• **YOUR TASK**
No pictures belong in the copy. Retype exactly, and only, the stretch of lines below from the one with "К этой красоте" through the one with "č3. pěti osá".

• **SOURCE RECORDS**

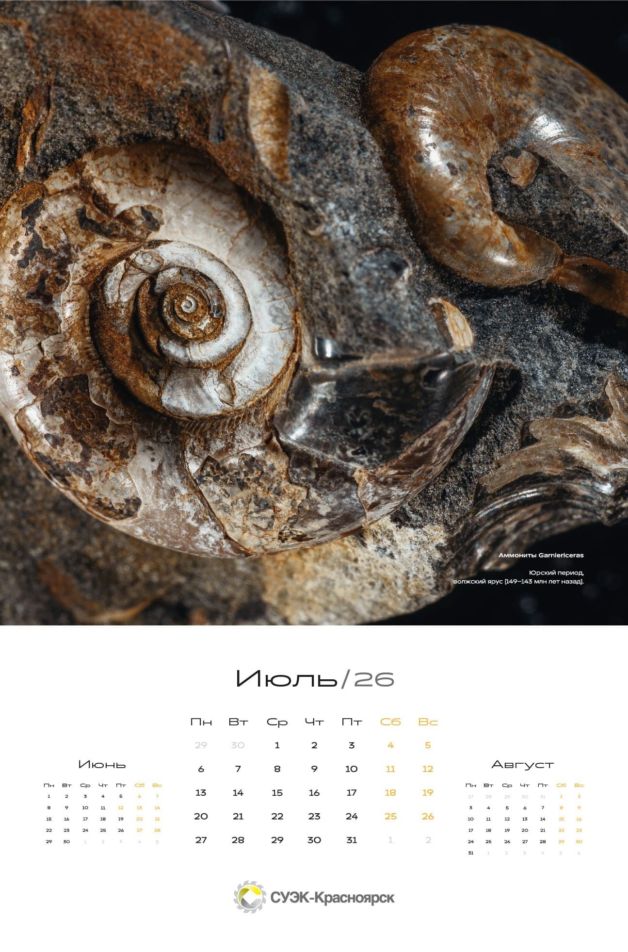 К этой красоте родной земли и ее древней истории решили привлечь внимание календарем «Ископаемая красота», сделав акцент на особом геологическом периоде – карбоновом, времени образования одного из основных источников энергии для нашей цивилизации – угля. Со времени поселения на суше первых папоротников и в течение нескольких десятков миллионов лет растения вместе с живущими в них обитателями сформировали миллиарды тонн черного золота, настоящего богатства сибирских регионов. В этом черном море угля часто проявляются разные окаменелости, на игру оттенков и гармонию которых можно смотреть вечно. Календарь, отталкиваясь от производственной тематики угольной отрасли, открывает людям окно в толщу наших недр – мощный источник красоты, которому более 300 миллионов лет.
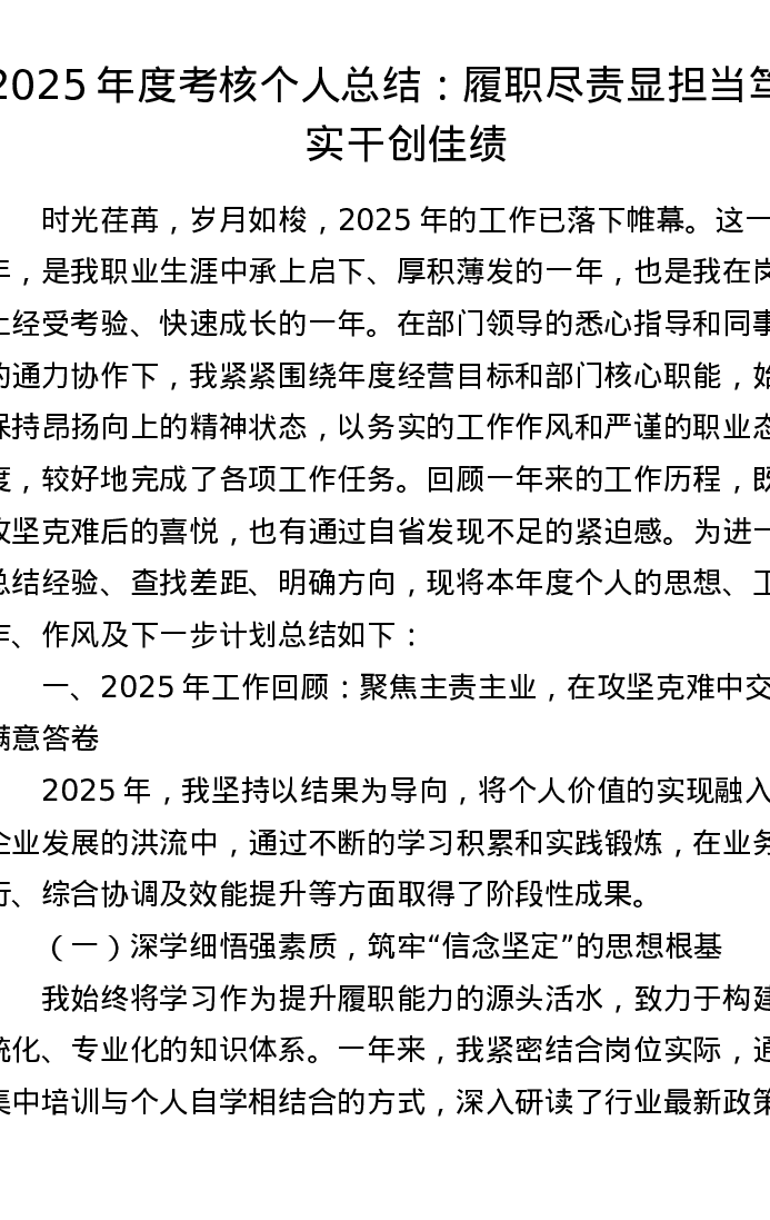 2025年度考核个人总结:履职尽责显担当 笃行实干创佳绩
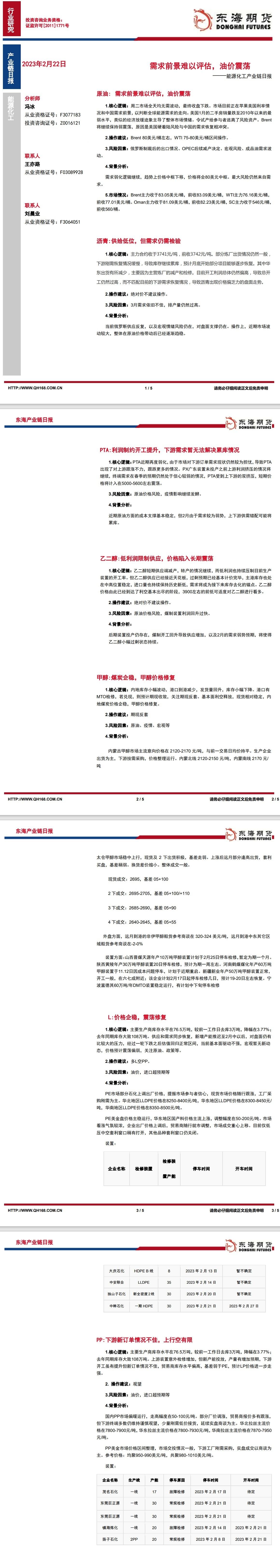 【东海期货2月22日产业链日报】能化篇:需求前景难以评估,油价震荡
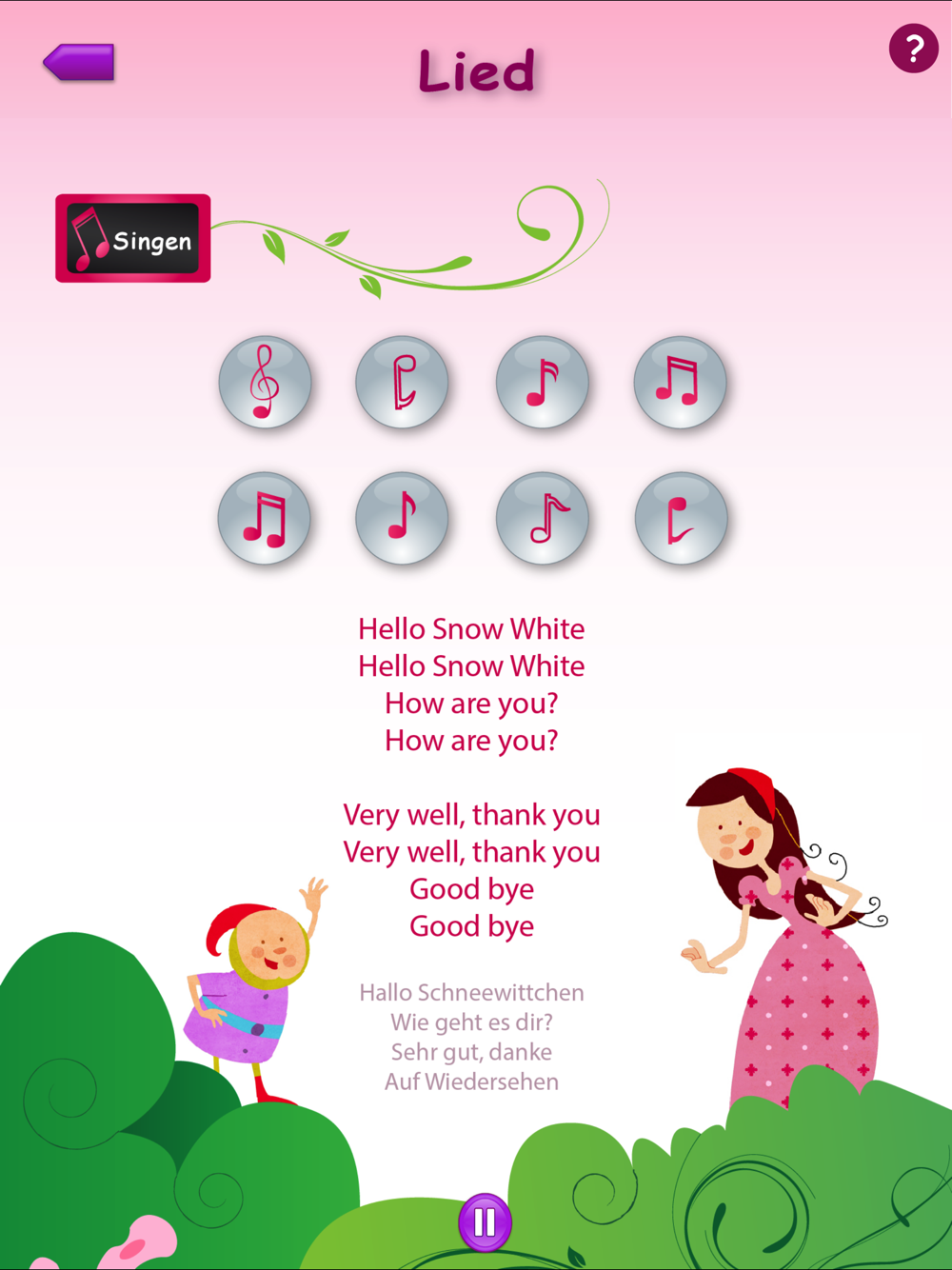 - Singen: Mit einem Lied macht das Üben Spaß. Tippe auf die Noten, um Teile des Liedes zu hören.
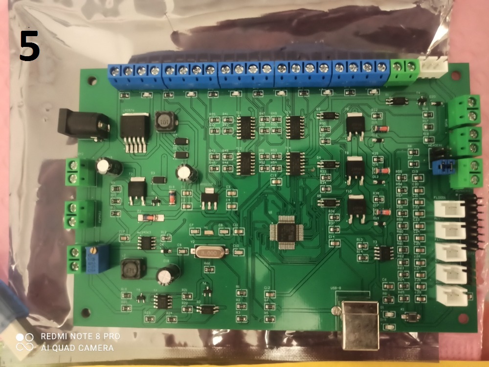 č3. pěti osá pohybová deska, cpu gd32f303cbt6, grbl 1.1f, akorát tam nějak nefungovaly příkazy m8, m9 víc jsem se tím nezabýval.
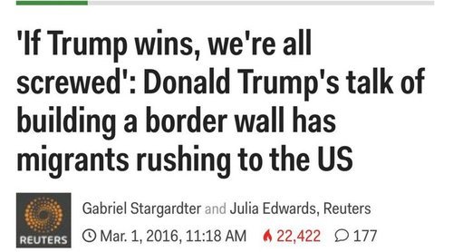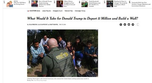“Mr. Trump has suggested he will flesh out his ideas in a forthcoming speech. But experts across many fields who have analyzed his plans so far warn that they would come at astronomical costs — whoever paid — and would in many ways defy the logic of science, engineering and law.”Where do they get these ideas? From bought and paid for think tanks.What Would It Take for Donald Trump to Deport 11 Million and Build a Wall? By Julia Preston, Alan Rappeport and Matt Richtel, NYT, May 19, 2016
...
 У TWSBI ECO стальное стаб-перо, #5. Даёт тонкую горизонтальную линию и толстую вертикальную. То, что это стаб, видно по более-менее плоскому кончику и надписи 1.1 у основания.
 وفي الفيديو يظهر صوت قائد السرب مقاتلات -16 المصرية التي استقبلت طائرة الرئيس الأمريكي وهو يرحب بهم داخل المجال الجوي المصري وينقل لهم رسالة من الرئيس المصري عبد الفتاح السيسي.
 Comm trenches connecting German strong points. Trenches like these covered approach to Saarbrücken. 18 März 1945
* * *
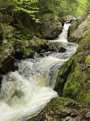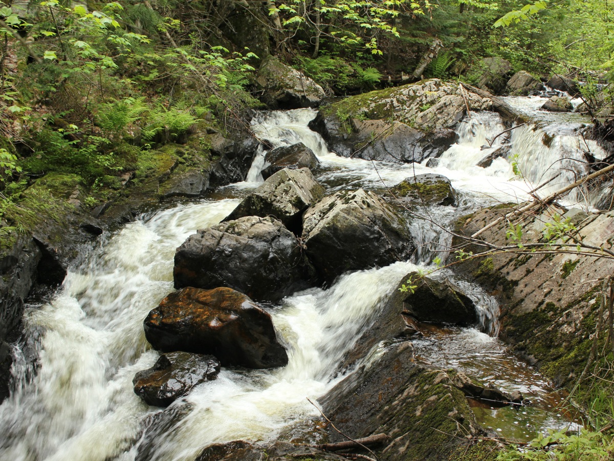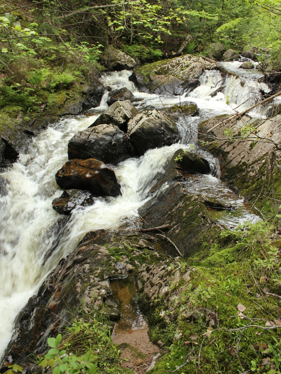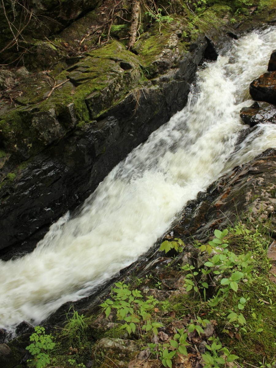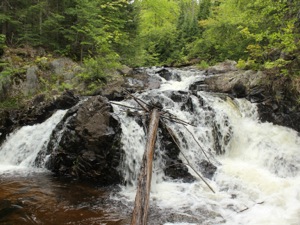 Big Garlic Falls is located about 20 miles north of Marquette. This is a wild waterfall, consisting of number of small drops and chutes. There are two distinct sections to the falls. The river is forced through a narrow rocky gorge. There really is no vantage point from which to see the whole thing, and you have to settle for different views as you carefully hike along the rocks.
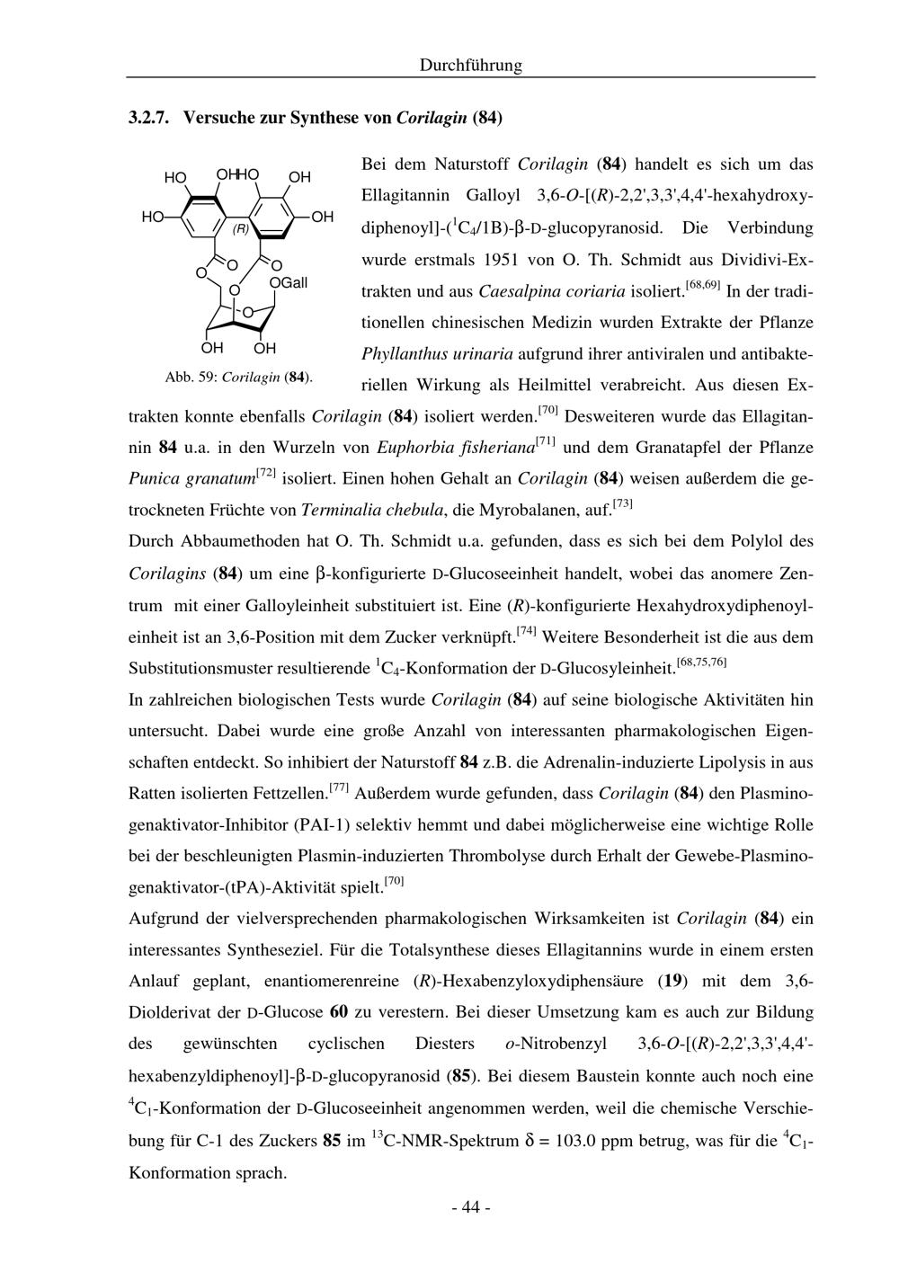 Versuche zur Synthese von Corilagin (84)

• **ANSWER BOX**
 К этой красоте родной земли и ее древней истории решили привлечь внимание календарем «Ископаемая красота», сделав акцент на особом геологическом периоде – карбоновом, времени образования одного из основных источников энергии для нашей цивилизации – угля. Со времени поселения на суше первых папоротников и в течение нескольких десятков миллионов лет растения вместе с живущими в них обитателями сформировали миллиарды тонн черного золота, настоящего богатства сибирских регионов. В этом черном море угля часто проявляются разные окаменелости, на игру оттенков и гармонию которых можно смотреть вечно. Календарь, отталкиваясь от производственной тематики угольной отрасли, открывает людям окно в толщу наших недр – мощный источник красоты, которому более 300 миллионов лет.
 2025年度考核个人总结:履职尽责显担当 笃行实干创佳绩
 【东海期货2月22日产业链日报】能化篇:需求前景难以评估,油价震荡
 - Singen: Mit einem Lied macht das Üben Spaß. Tippe auf die Noten, um Teile des Liedes zu hören.
 č3. pěti osá pohybová deska, cpu gd32f303cbt6, grbl 1.1f, akorát tam nějak nefungovaly příkazy m8, m9 víc jsem se tím nezabýval.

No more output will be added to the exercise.